SAN JOSE, Calif. - Despite a lull in the market, VLSI Research Inc. has raised its chip and fab tool forecasts for 2010.
There appears to be a sudden slowdown in the cell-phone, LCD, LED, PC and other product segments-a trend that impacts chip makers. And chip inventories are on the rise.
Still, VLSI raised its IC forecast to 33.7 percent in 2010, compared to 30 percent in the previous update, ''due to stronger-than-expected monthly sales data for June and July.'' Equipment sales are now expected to grow 103 percent, compared to its previous estimate of 96 percent, according to the firm.

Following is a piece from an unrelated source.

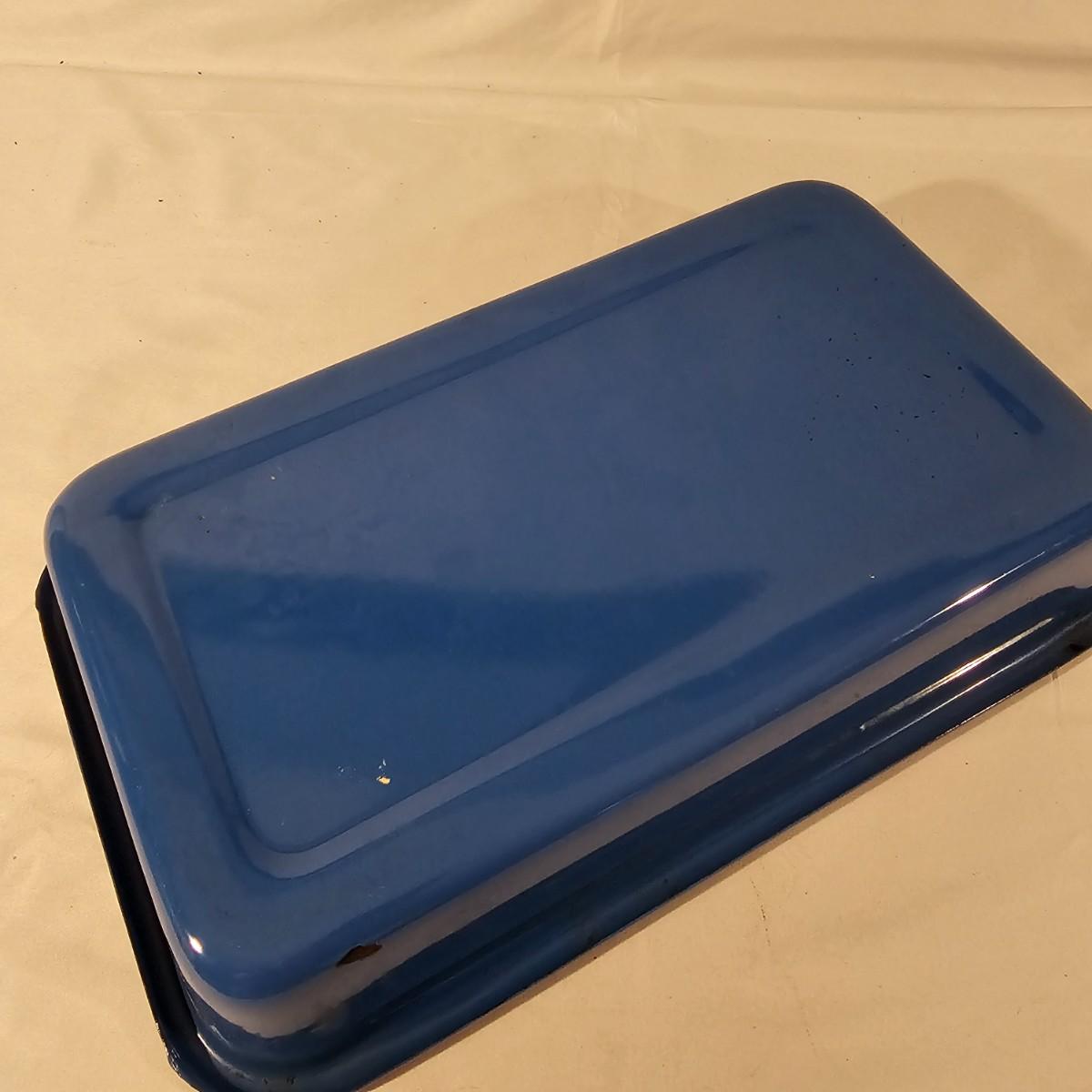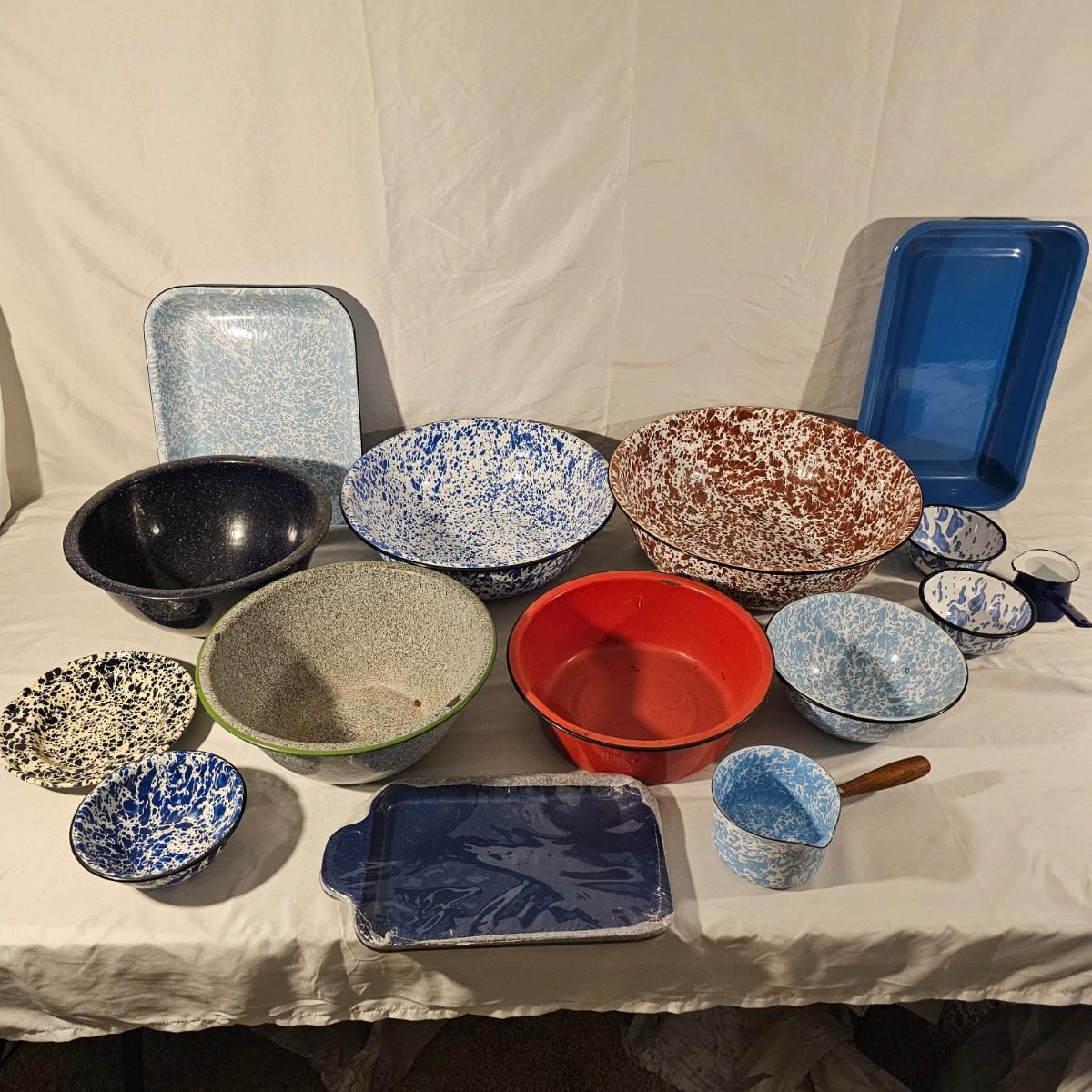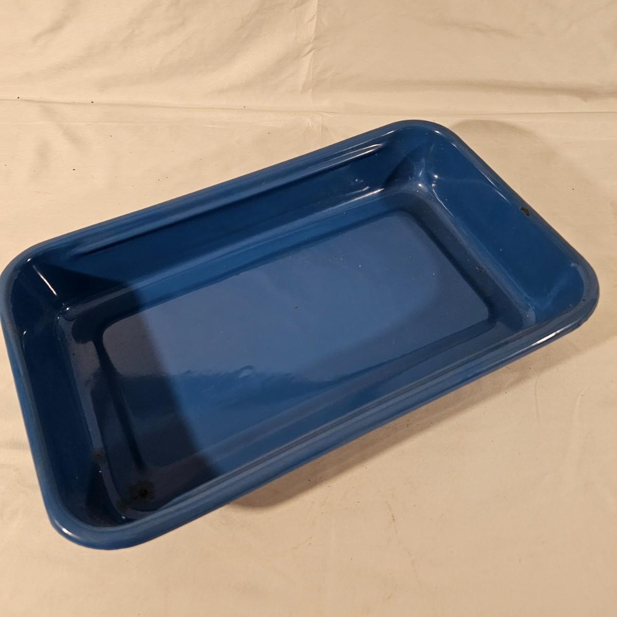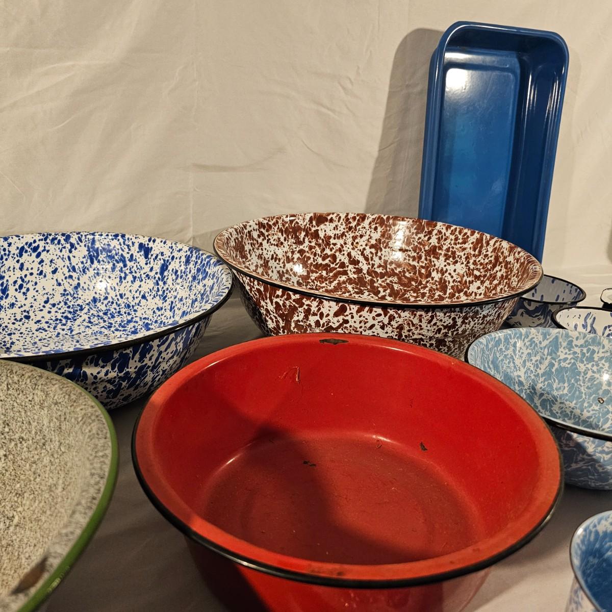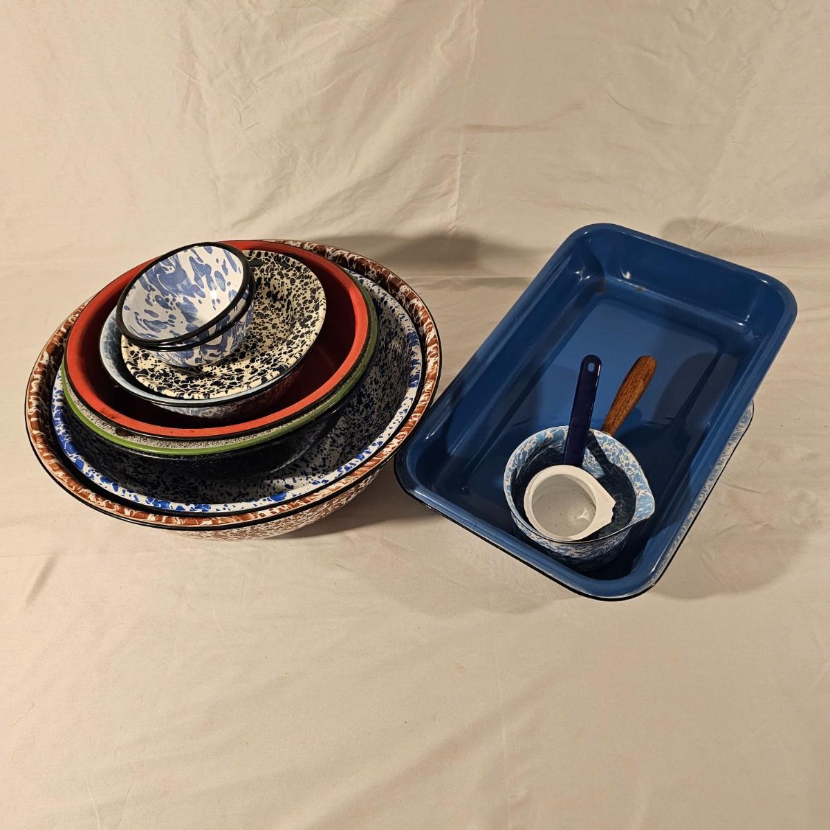 Various sizes of enameled steel ware for mixing, serving, and more. Large round brown bowl is 16"D x 5"H, blue one is 14.5"D x 4"H. Long blue rectangle pan is 16.5" x 10" x 2.5"H. Some used and some new items. See photos for details. Shipping available.
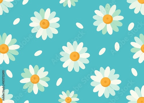 Seamless Daisy Pattern on Blue Background with Scattered Petals for Textile or Wallpaper Design

''IC unit growth remained largely unchanged at 33 percent for 2010,'' according to the firm. ''At a mere 0.3 percent, IC ASPs are expected to increase well below the growth rate recorded in other strong upturns like the ones in 2000 and 2004.''
The fab tool market is in a multi-year cycle, with growth extending into 2011. ''A growth of 2010’s magnitude has historically been followed by a downturn. However, this year’s growth is coming off a very low base; even with a 103 percent increase total equipment sales will still be 14 percent lower than the 2007 peak,'' according to the firm.
The next downturn for equipment suppliers will come in 2012, the firm contends. ''Also, three out of the last four cycles have run two-year’s up and two-year’s down, hence our forecast that the next downturn will likely extend into 2013. Then there’s another boom in 2014,'' according to the firm.